No es la primera vez que lanza un mensaje similar; en 2012 ya dijo que compró Duke Nukem «por voluntad propia y con mucho amor», pero que su objetivo último no era lanzar Forever, sino «construir un nuevo Duke Nukem».
«Así que sí. De hecho, ya hemos hecho algo de desarrollo conceptual», aseguró en Develop. «El desafío está en que Gearbox está muy ocupada. Una forma más rápida sería que el desarrollador correcto se interesara y trabajásemos con él».
Se me ocurren unos cuantos estudios en los que confío más que en Gearbox para hacer un Duke Nukem en condiciones, pero tampoco tengo suficiente en contra de los papás de Borderlands como para que un desarrollo a medias me parezca mal. Total, que todos ganamos: un nuevo Duke Nukem en el mundo de dentro de dos o tres años puede ser una montaña rusa de emociones.
Pitchford no quiere encontrarse con los problemas que tuvo Duke Nukem Forever, claro, que tuvo un desarrollo lleno de problemas, largo como un día sin pan y que acabó en uno de esos juegos pobres que algunos disfrutamos sin saber muy bien por qué: a mí no me disgustó, pero no sabría decir por qué. Sí sabría decir varias decenas de cosas que están mal. ¡Qué curioso!

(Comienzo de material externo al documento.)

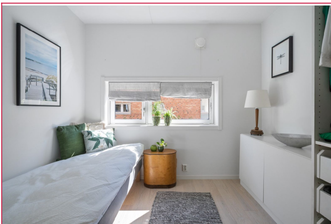
Soverom-alle møblene medfølger.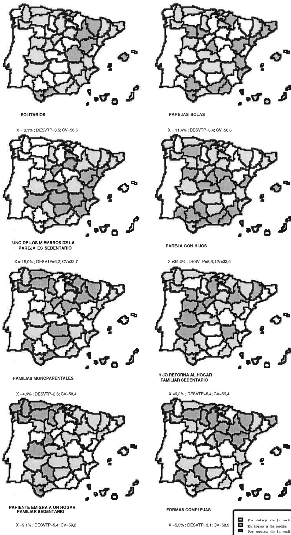
Mapa 3.- Proporción del tipo familiar de migración intraprovincial de jóvenes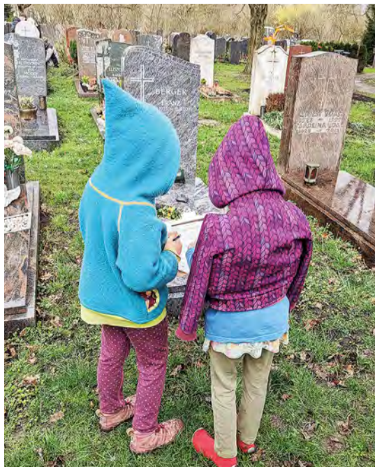
Friedhofsbesuch mit einer 3. Klasse.

Lippok: Neben der Tabuisierung des Todes liegt das auch an fehlenden Räumlichkeiten. Was Friedhöfe als Orte für Aufbahrungen so zu bieten haben, ist weit weg von schön und einladend. Es wäre eine wichtige Aufgabe der Städte und Gemeinden, der Verwaltungen der Friedhöfe, hier ansprechende Räume anzubieten.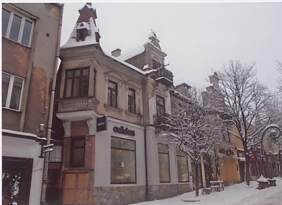
widok od strony ul. Krupówki

«Creo que ese es un problema desafiante, pero no cabe duda de que, cuando ocurra, toda la industria va a fijarse en él. Llamar la atención en esta industria es una de las cosas más difíciles de hacer», reconoció Pitchford. «Ese es probablemente uno de los mayores problemas que tuvo Forever; durante diez años se prometió como uno de los mejores juegos que iban a existir. Era legendario como vaporware. Así que tuvo una atención particularmente polarizada».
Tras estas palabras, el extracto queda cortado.